I was inspired by a b&w portrait I saw on a website but had to look through my files for the right image. It needed to be one where the sun was hitting one of the eyes. I went back to images from my 2012 trip to Namibia and South Africa. This was one of the mother leopard, Nthombi, in the tree when she stopped feeding on the kill for a moment and the late afternoon light hit her eye through the canopy. I know this won't be everyone's cuppa (as Morkel would say).
Canon 5D3
100-400 @ 340mm
1/1250
f5.6
ISO 800
EC +.33
HH from safari vehicle, cropped to vertical, converted in Nik Silver Efex, levels, curves, selective color, cloned bits in lower corners (since this is more of an art shot), sharpened in CCPS.
I LOVE THIS Rachel! Mysterious and dark and possibly evil. The hunter. Secretive as only a leopard can be, and a wanderer through the woods...A creature of a fiery heart?
Impressive PP work, Rachel!
Techs? I like everything. Including that tiny moist spot on the nose.
My cuppa tea, and it's sweet...I am very pleased to see something so different and so fresh from you, this truly stirs my imagination tonight and I am going to sleep with thoughts of this leopard in the darkness, imagining the faint rustle of leaves beneath its feet, the tense silence during a game of hide-and-seek, a leopard on the prowl, somewhere here in Africa...
It's my cuppa for sure. Love the catchlight in the eye and the fine hairs in the shadows below. And of course that intense stare. The specular thingies on the nose could go, IMO.
Hi Rachel, worth the punt, but it's not my cup of tea, it's just too Dark & Black and I feel it doesn't add much for me and takes away from the original capture, but we all see things differently.
Åh, it is great. Fore sure my cuppa.

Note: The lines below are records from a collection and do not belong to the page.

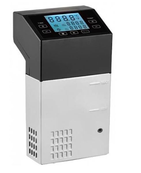 Цифрова панель управління, РК дисплей та затискач для кріплення до посудини, що дуже надійно в даному варіанті приготування продуктів. Діапазон температур від 5 -..+99°С.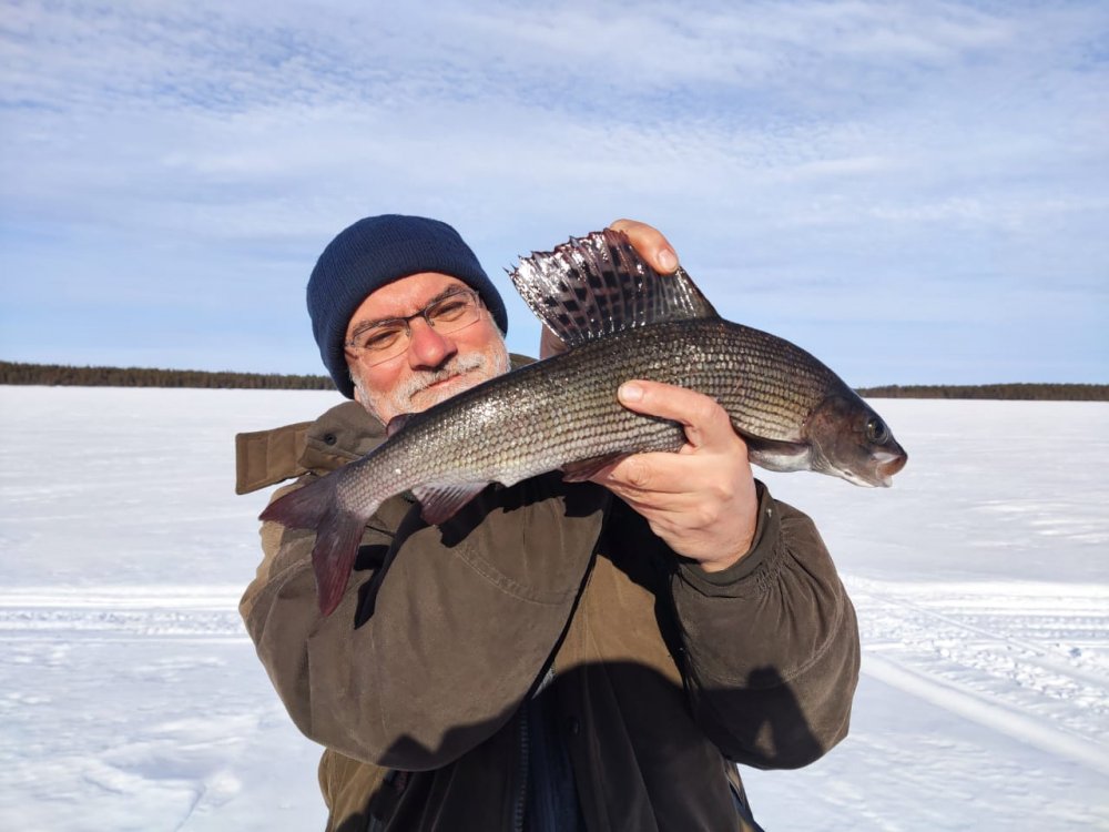 Блесёнкой ощупывал каменистое прибрежье. Глуховато. Огромный валун. Решил обследовать. На второй лунке - уперлось...Думал, цепанул. Но оно забилось на метровой! Щука? Здоровенный хариус, почти чёрный, с алым парусом!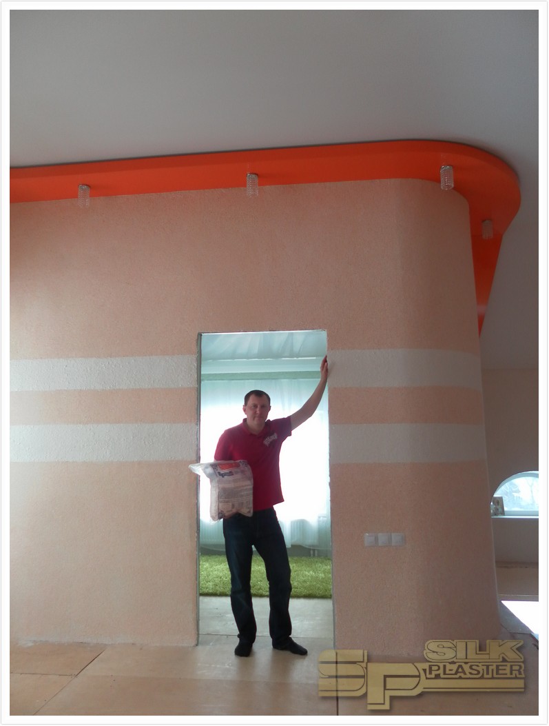 Сейчас мы начинаем внутреннюю отделку второго этажа и уже определились с отделкой стен зала второго этажа. Мы решили его декорировать двумя видами шелковой декоративной штукатурки SILK PLASTER Ecodecor 108 и Victoria 701. Здесь решение в пользу данного вида штукатурки было принято очень быстро, без обсуждений других вариантов отделки, так как стены здесь оригинально-изогнутые плавными линиями и ничего лучше, чем данный вид материала, чтобы скрыть небольшие дефекты этих стен мы не нашли. Это идеальный, можно сказать универсальный материал и вид отделки для сложных геометрических форм комнат. В конечном итоге мы хотим получить яркий, стильный, выразительный интерьер с помощью шелковой штукатурки SILK PLASTER.

I like the shadow play and agree with Anette that you could try it even a bit more. I have been a bit surprised that dark shadows have been seen a bit negativ on this forum. I think it is beautiful and add drama to pictures. I get it that natural looking pictures is preferred, and know that people talk about not loosing details in shadows and highlights. But for me that is something else. Like in the picture details is where it is needed, and the dark black adds to the picture where it is.